Network between to different docker hosts

Hi, I have two different servers each one running some containers and I want to know what’s the best approach to make the containers communicate from one host to the other. Is this a scenario where I can deploy consul connect?

Thanks,
Bruno

Consul connect will certainly help with ensuring the traffic is encrypted between services, from a micro-segmentation approach you also have the ability to control which service is allowed to talk to another service.

Running Consul in this environment would need a consul server and an agent deployed to each virtual machine. The Consul server could reside on one of the Virtual Machines where your workload is.

One thing to note about this approach is that there is no redundancy, if the Consul server fails, all of your service mesh will eventually fail. I say eventually as data is cached on the agent and will tolerate temporary outages.

When you register a container on a virtual machine you register it with the local consul agent, the IP address and port the service in the container runs on is registered in Consul.
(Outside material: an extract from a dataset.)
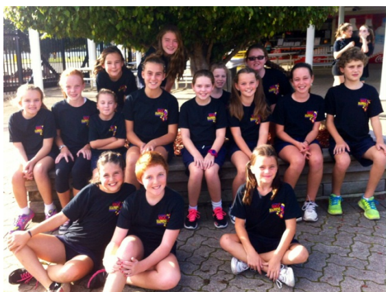
Enjoying our experience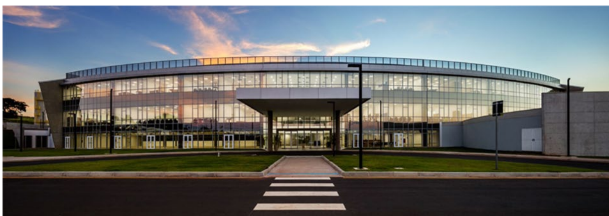
Figure 1: Sirius building

From an electron gun, by thermionic effect, the electrons are accelerated in a linear accelerator until they reach an energy of 150 MeV. For the final energy of the machine, which is 3 GeV, there is a second accelerator called an injector ring. The electron beam goes to the storage ring where it will remain in a circling orbit. At each turn, a portion of electron energy is lost tangentially to the magnetic lattice, due to the output of synchrotron radiation to the experimental stations called beamlines [1].

The registration of all these services forms the service catalog which is used by the service mesh.

Something to think about when using Docker containers is that Docker containers by default will run in their own virtual network. A container in a docker network on one machine will not be accessible from a docker container in another machine unless you are doing one of three things.

  1. Docker host network
  2. Docker network plugin
  3. Exposed ports to host via port mapping

In your setup to keep things simple you could do the following:

  1. Consul server on one node
  2. Consul client on every node
  3. Host networking for containers
  4. Firewall rules only allowing ingress connections between the two machines for containers

You then have to slightly modify the way your applications run in the container by using a sidecar for the Service Mesh data plane. Ingress is only allowed to the data plane the service itself is not directly accessible.
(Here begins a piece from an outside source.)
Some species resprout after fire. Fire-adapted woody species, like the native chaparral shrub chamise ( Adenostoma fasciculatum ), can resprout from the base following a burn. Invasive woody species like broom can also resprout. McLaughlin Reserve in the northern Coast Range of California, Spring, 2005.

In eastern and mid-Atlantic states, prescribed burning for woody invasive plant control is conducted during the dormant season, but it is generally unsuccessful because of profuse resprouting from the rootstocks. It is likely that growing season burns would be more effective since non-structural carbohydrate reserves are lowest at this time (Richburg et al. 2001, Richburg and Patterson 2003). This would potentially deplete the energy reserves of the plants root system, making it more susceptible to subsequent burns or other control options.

This is by no means a comprehensive overview of what needs to be done to secure the system and implement a service mesh.

If you do not need a service mesh from the perspective of service routing, security, and observability there may be a simpler option to achieve what you are after. Have you looked at Docker Network plugins?

Check out Weave, Weave is an overlay network which allows you to link n+1 docker hosts into a single virtual network.

https://hub.docker.com/plugins/weave-net-plugin

One more thing to check out is Nomad

You might find using Nomad a nice upgrade on scheduling containers with pure docker.

Thanks Nicholas for the answer with all the detail :slight_smile:

If I go for the approach of having consul I will create a cluster outside this scenario, having only the agents on this scenario communicate with consul server cluster.

Gonna check weave also. Once again, thanks for the answer.